In this specification (including claims), when a plurality of storage devices (memories) store data, each storage device (memory) among the plurality of storage devices (memories) stores only part of the data. may be stored, or the entirety of the data may be stored.

Although the embodiments of the present disclosure have been described in detail above, the present disclosure is not limited to the individual embodiments described above. Various additions, changes, replacements, partial deletions, etc. are possible without departing from the conceptual idea and spirit of the present invention derived from the content defined in the claims and equivalents thereof. For example, in all the embodiments described above, when numerical values or formulas are used for explanation, they are shown as an example and are not limited to these. Also, the order of each operation in the embodiment is shown as an example, and is not limited to these.

This application claims priority based on Japanese Patent Application No. 2021-023665 filed on February 17, 2021. By referring to the entire contents of the Japanese Patent Application, invoke.

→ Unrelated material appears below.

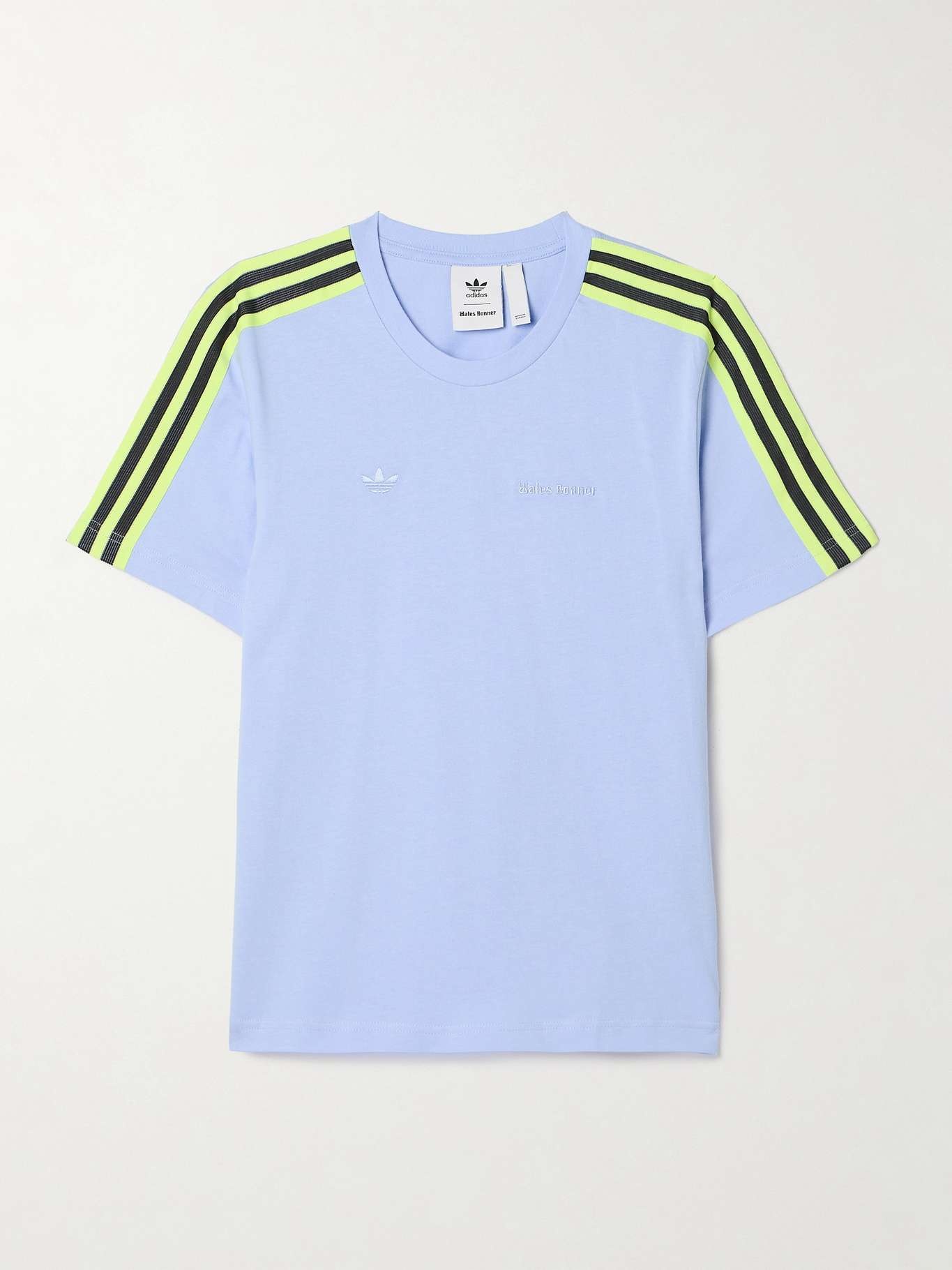 EDITORS'NOTES adidas Originals has been collaborating with Wales Bonner since Fall '20, and each new collection is just as popular as the last. This T-shirt is cut from organic cotton-jersey and embroidered with both monikers at the chest. Chartreuse and black webbing trims depict the sportswear brand's signature stripes. SIZE & FIT Model measurements: - Fits true to size, take your normal size - Intended for a slightly loose fit - Mid-weight, slightly stretchy fabric - Model is 183cm/ 6'0" and is wearing a size Small - Bust: 76.2cm/ 30" - Waist: 61cm/ 24" - Hip: 88.9cm/ 35" DETAILS & CARE - Light-blue organic cotton-jersey, chartreuse and black webbing - Slips on - 100% organic cotton - Machine wash

REFERENCE SIGNS LIST 10 analysis system 20 imaging device 30 user terminal 100 analysis device 110 interaction detection unit 120 attention level estimation unit

Claims

one or more memories;
one or more processors;
has
The one or more processors
estimating the degree of attention of the sales floor based on detection results of human behavior related to the sales floor;
analysis equipment.
The analysis device according to claim 1, wherein the one or more processors detect behavior of a person regarding the sales floor based on sales floor images.
The analysis device according to claim 2, wherein the one or more processors use changes in the sales floor detected based on the sales floor video for detecting the behavior.
4. The analysis device according to claim 2 or 3, wherein said one or more processors use the quantity of products on the sales floor estimated based on said sales floor image for said behavior detection.
5. The analysis device according to claim 2, wherein said one or more processors distinguish between customers and store clerks imaged based on said sales floor image, and use the discrimination result to detect said behavior. .
The behavior detection results include at least the customer walking in front of the product sales floor, the customer stopping in front of the product sales floor, the customer viewing the product, and the customer picking up the product. 6. The analysis apparatus according to any one of claims 2 to 5, comprising any one of: or the customer returns the product.
6. The analysis according to claim 5, wherein the one or more processors estimate the degree of attention of the sales floor by totaling the number of times the behavior of the store visitor is detected for each sales floor, based on the behavior detection result. Device.
8. The analysis device according to claim 7, wherein the one or more processors estimate, based on the detection result of the behavior, the influence of the behavior of the clerk in the sales floor on the attention level of the sales floor.
The analysis device according to any one of claims 2 to 8, wherein said one or more processors detect said behavior using a neural network.
an analysis device according to any one of claims 2 to 9;
one or more imaging devices that acquire the sales floor video;
analysis system.
one or more processors estimate the attention level of the sales floor based on detection results of human behavior related to the sales floor;
A method of analysis that has
A program that causes one or more processors to execute at least the step of estimating the attention level of the sales floor based on the detection result of human behavior on the sales floor.